> _Provided records_
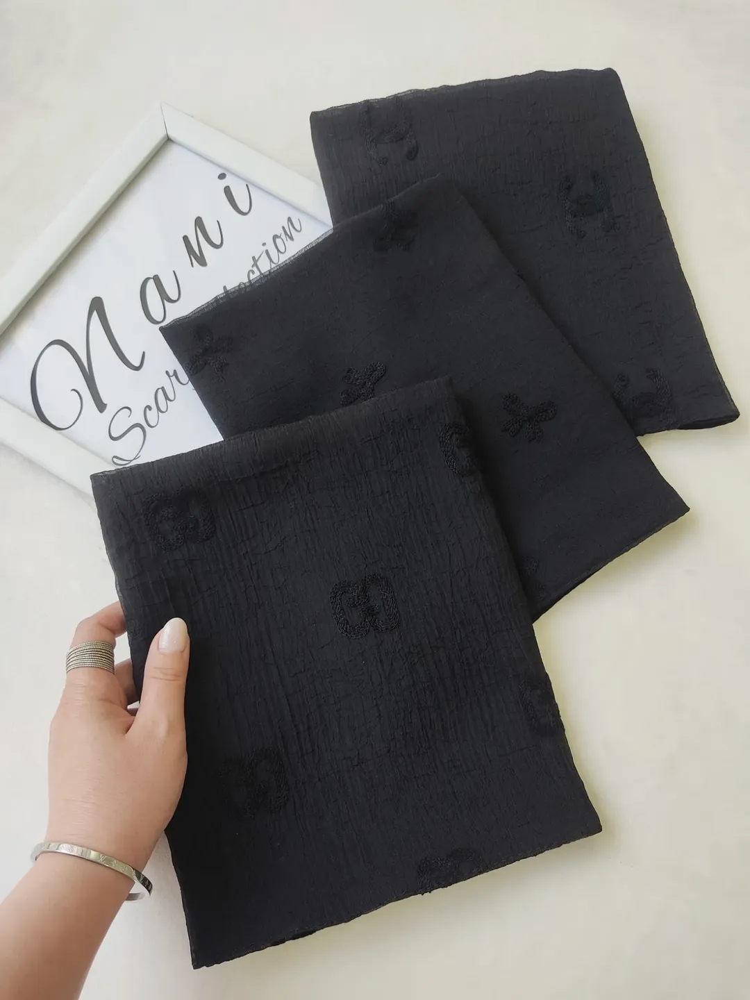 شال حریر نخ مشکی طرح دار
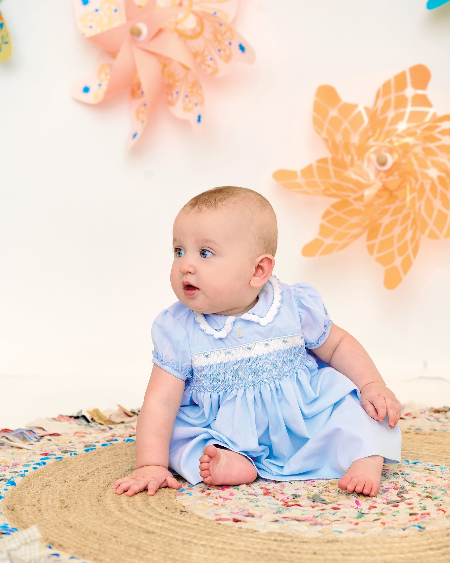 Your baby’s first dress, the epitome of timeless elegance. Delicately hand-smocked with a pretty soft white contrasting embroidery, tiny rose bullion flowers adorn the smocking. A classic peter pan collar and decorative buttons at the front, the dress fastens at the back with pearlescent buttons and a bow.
* * *
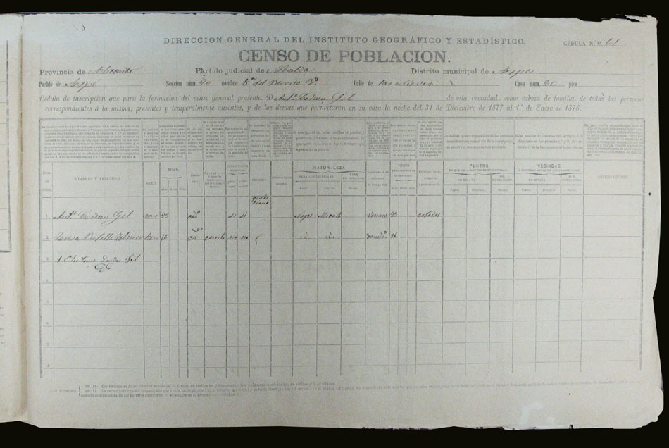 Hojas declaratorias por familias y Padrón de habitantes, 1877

> _What you are asked to do_
Those lines of the records above that run from the one containing "شال حریر نخ مشکی طرح دار" through the one containing "Your baby’s first" should be returned exactly, with no pictures among them.

> _Solution below_
 شال حریر نخ مشکی طرح دار
 Your baby’s first dress, the epitome of timeless elegance. Delicately hand-smocked with a pretty soft white contrasting embroidery, tiny rose bullion flowers adorn the smocking. A classic peter pan collar and decorative buttons at the front, the dress fastens at the back with pearlescent buttons and a bow.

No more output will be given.